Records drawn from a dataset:
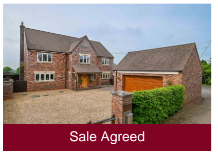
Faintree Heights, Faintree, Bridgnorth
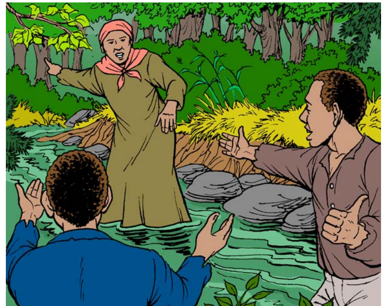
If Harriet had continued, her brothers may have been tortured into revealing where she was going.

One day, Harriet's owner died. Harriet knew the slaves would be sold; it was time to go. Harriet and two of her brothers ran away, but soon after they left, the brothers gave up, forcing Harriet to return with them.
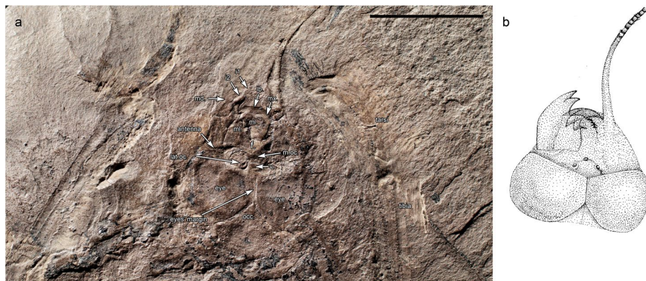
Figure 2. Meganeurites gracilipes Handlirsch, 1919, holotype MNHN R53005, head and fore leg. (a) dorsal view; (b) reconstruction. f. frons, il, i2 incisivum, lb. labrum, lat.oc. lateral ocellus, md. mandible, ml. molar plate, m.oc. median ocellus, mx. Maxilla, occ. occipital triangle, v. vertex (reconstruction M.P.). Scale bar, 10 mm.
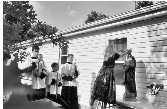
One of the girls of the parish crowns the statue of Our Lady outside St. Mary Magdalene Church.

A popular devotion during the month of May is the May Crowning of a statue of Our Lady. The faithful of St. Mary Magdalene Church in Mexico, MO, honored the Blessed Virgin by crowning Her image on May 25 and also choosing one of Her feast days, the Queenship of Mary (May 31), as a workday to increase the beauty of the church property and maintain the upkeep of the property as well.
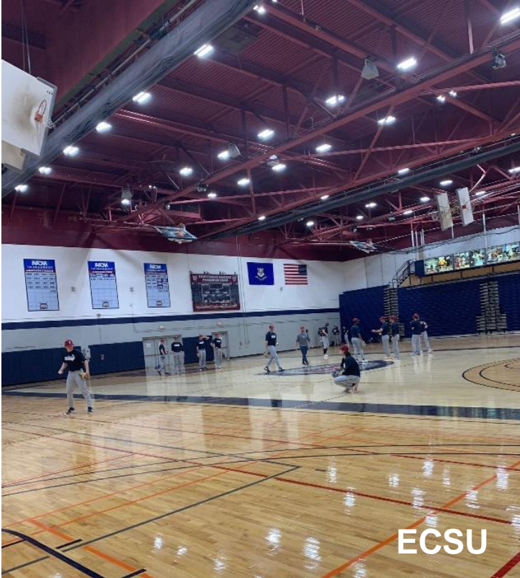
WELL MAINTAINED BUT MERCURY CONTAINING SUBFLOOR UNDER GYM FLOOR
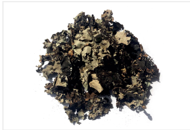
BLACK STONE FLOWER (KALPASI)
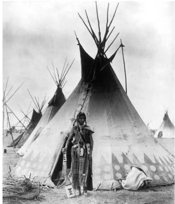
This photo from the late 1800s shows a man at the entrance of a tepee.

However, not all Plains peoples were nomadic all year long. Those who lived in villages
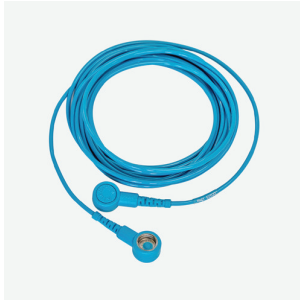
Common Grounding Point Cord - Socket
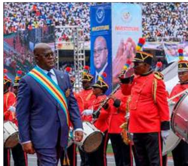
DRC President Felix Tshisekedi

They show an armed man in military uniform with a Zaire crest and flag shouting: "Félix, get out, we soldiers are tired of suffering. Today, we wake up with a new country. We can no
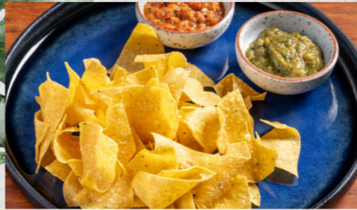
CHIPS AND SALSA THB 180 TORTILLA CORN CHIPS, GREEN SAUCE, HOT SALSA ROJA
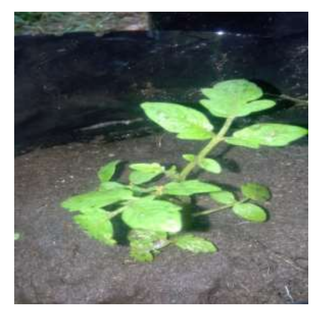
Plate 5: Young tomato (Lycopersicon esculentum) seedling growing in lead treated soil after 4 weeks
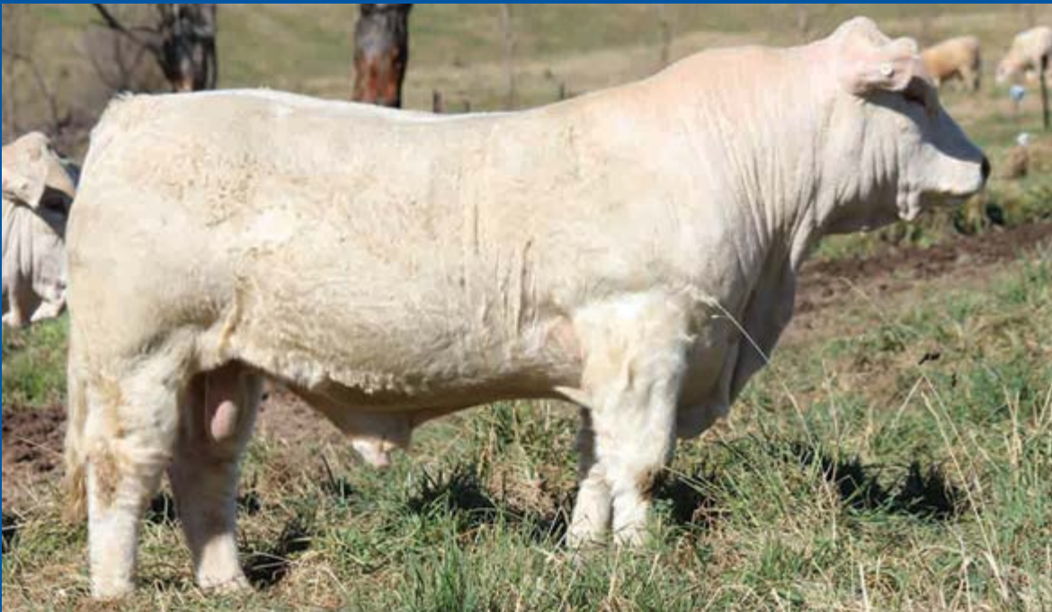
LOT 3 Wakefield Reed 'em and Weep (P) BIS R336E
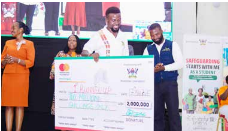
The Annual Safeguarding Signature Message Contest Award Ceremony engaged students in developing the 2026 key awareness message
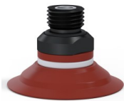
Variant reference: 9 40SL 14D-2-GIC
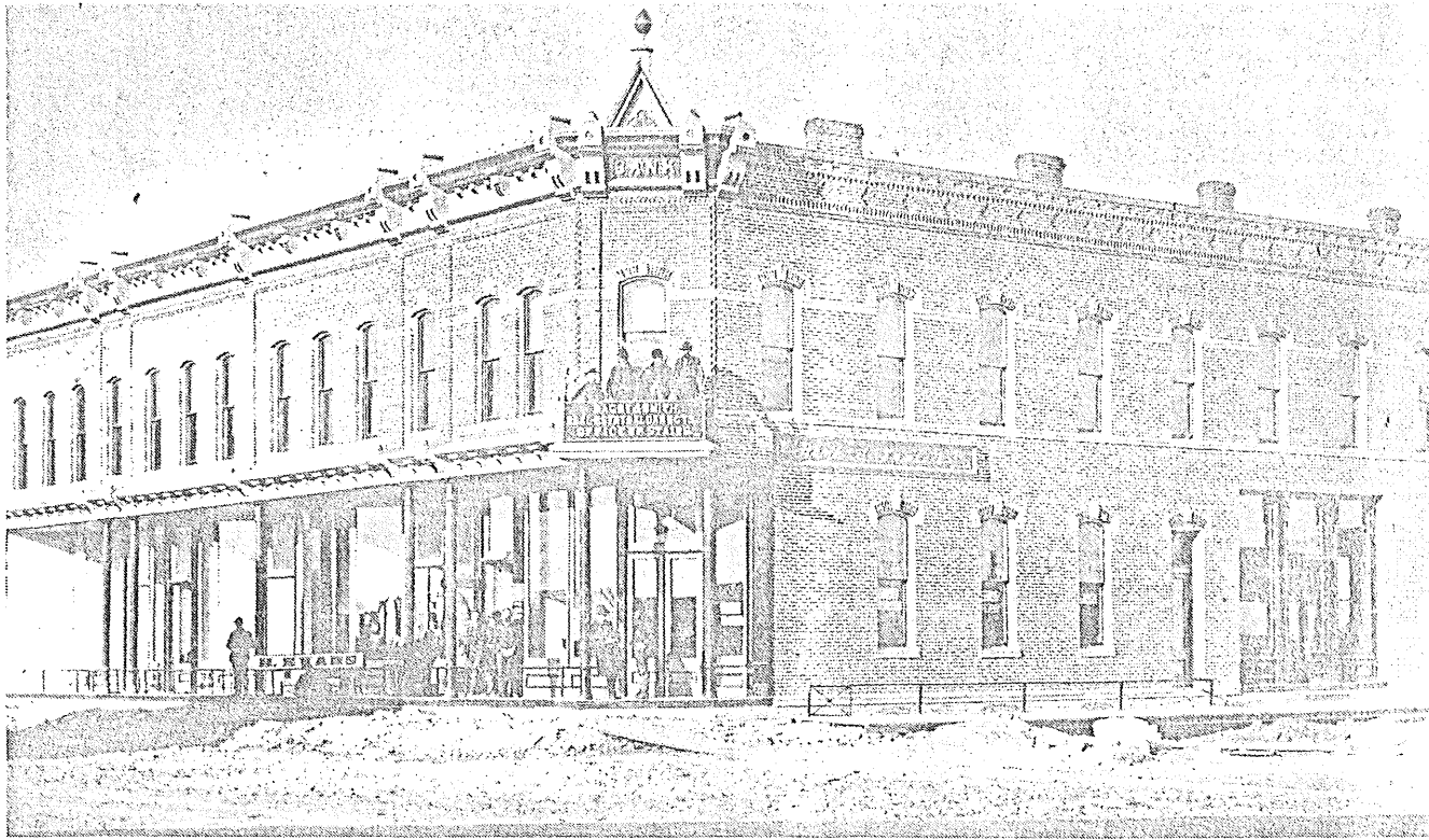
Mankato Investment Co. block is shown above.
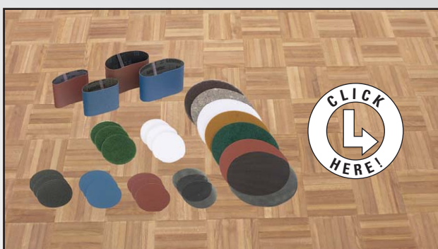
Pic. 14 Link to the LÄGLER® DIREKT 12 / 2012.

EXERCISE DESCRIPTION: All that is wanted is the lines above between the one containing "A popular devotion" and the one containing "The Annual Safeguarding", inclusive, restated word for word, with pictures omitted.

ANSWER SPACE:
A popular devotion during the month of May is the May Crowning of a statue of Our Lady. The faithful of St. Mary Magdalene Church in Mexico, MO, honored the Blessed Virgin by crowning Her image on May 25 and also choosing one of Her feast days, the Queenship of Mary (May 31), as a workday to increase the beauty of the church property and maintain the upkeep of the property as well.
WELL MAINTAINED BUT MERCURY CONTAINING SUBFLOOR UNDER GYM FLOOR
BLACK STONE FLOWER (KALPASI)
This photo from the late 1800s shows a man at the entrance of a tepee.

However, not all Plains peoples were nomadic all year long. Those who lived in villages
Common Grounding Point Cord - Socket
DRC President Felix Tshisekedi

They show an armed man in military uniform with a Zaire crest and flag shouting: "Félix, get out, we soldiers are tired of suffering. Today, we wake up with a new country. We can no
CHIPS AND SALSA THB 180 TORTILLA CORN CHIPS, GREEN SAUCE, HOT SALSA ROJA
Plate 5: Young tomato (Lycopersicon esculentum) seedling growing in lead treated soil after 4 weeks
LOT 3 Wakefield Reed 'em and Weep (P) BIS R336E
The Annual Safeguarding Signature Message Contest Award Ceremony engaged students in developing the 2026 key awareness message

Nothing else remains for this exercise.